→ Problem description
In the entries below, begin at the line with "本公司所有產(chǎn)品于" and stop after the line with "国産の和栗をたっぷりと使いま"; output those lines exactly and omit the pictures.

<<<<

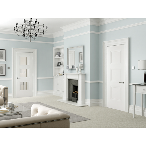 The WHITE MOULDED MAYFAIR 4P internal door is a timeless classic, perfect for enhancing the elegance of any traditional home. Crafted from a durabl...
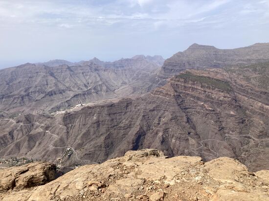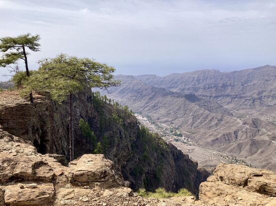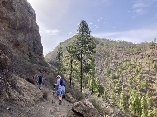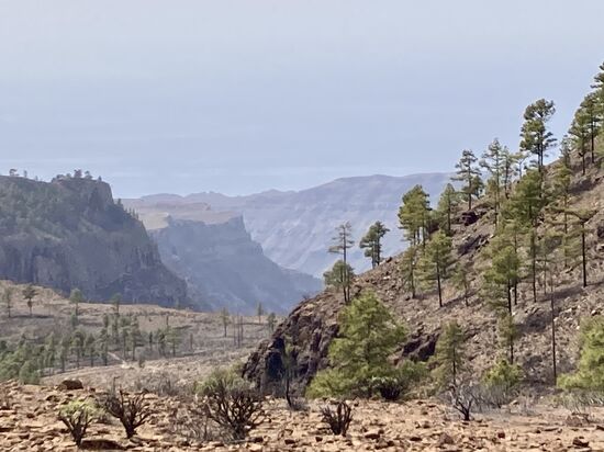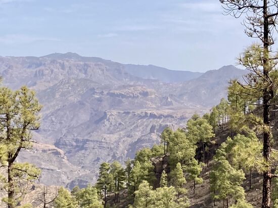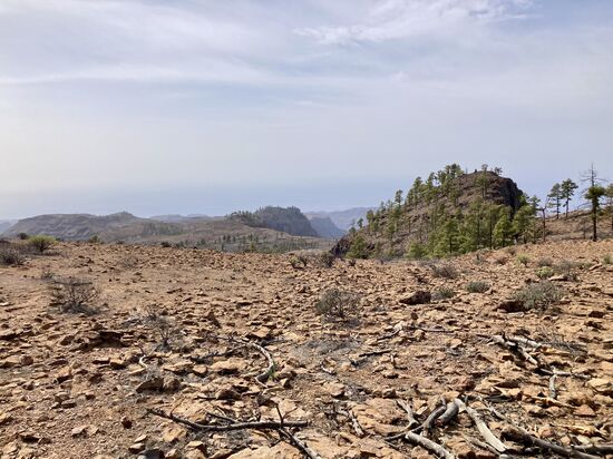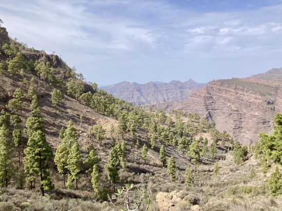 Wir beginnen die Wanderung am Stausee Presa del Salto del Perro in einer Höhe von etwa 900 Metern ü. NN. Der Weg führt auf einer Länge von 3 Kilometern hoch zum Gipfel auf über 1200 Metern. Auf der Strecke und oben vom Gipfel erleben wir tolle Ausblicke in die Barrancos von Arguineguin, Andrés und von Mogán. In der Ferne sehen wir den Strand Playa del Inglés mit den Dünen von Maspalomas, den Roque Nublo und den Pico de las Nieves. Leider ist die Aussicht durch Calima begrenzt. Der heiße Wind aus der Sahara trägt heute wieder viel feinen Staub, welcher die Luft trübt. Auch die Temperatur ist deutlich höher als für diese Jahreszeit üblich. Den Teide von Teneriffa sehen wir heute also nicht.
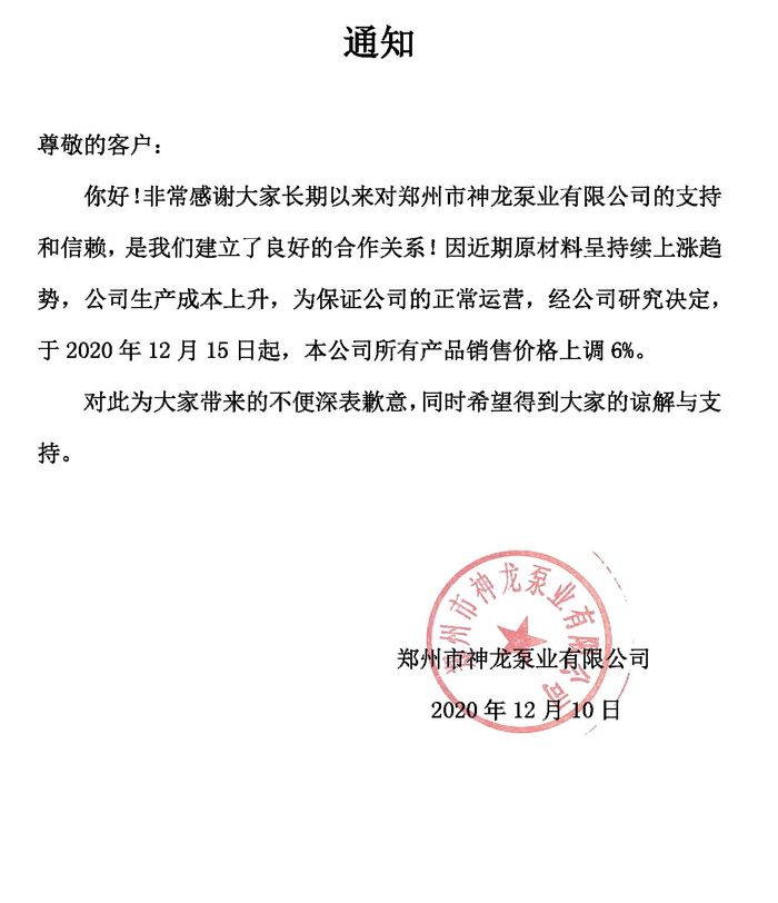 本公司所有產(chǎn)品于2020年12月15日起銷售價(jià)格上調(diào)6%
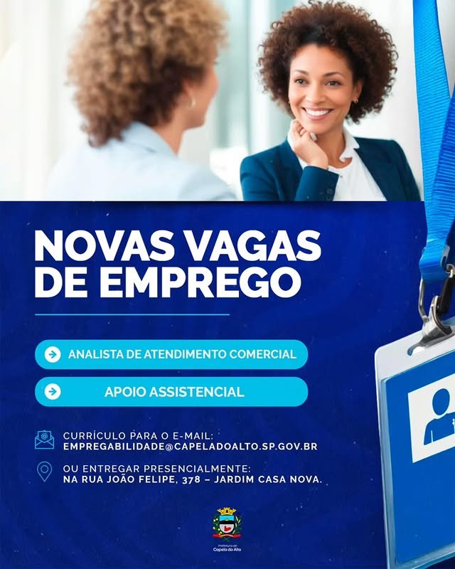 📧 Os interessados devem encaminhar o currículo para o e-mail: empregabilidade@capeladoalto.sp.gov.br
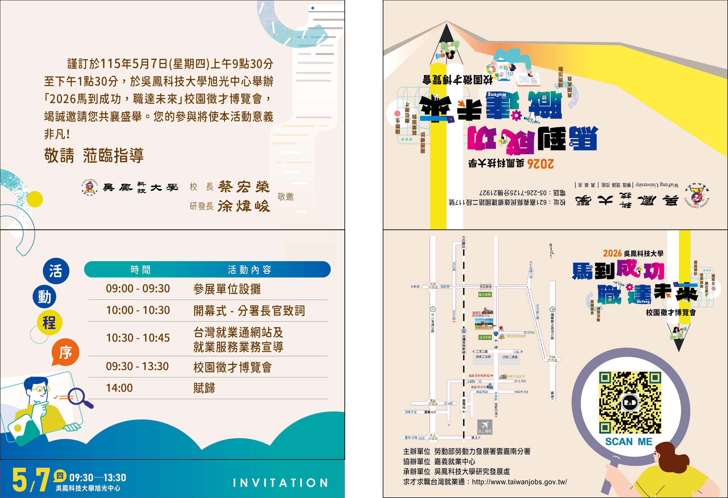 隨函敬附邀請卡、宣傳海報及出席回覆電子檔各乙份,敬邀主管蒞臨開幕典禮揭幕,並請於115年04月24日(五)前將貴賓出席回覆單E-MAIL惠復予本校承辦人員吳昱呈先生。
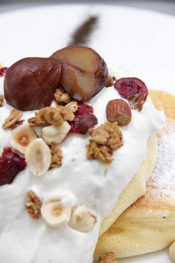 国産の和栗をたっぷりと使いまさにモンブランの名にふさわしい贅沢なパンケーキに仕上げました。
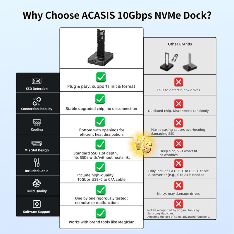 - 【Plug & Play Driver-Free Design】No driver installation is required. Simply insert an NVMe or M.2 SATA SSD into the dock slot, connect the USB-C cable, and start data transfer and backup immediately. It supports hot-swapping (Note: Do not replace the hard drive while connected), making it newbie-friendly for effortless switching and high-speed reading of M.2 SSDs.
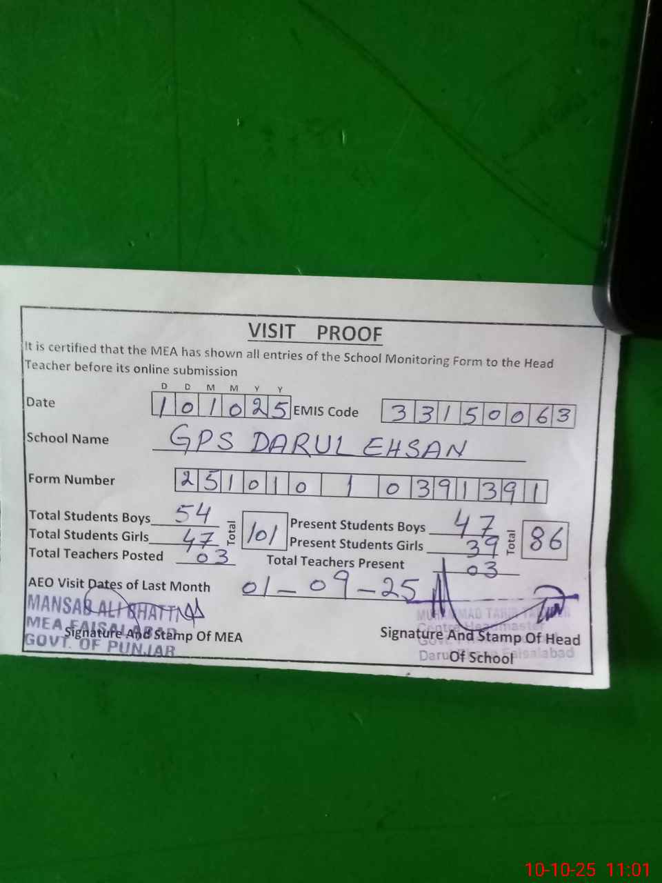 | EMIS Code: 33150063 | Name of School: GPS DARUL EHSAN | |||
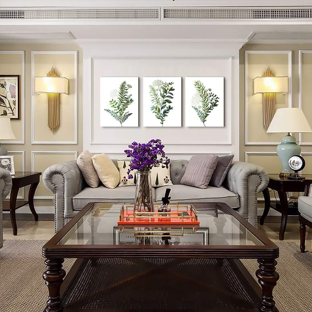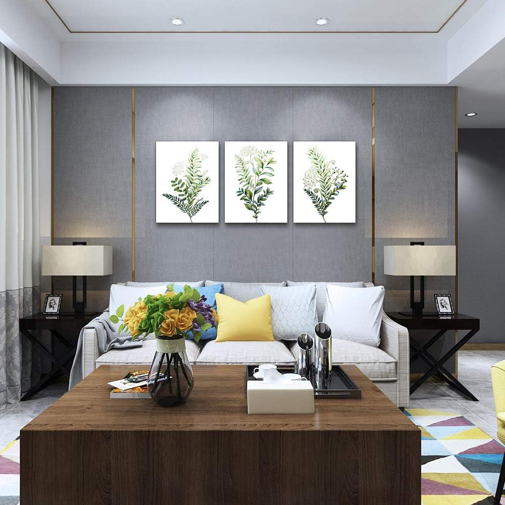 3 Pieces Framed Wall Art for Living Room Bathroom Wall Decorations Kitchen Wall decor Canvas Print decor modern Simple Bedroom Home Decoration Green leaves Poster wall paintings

>>>>

→ Completed task
 本公司所有產(chǎn)品于2020年12月15日起銷售價(jià)格上調(diào)6%
 📧 Os interessados devem encaminhar o currículo para o e-mail: empregabilidade@capeladoalto.sp.gov.br
 隨函敬附邀請卡、宣傳海報及出席回覆電子檔各乙份,敬邀主管蒞臨開幕典禮揭幕,並請於115年04月24日(五)前將貴賓出席回覆單E-MAIL惠復予本校承辦人員吳昱呈先生。
 国産の和栗をたっぷりと使いまさにモンブランの名にふさわしい贅沢なパンケーキに仕上げました。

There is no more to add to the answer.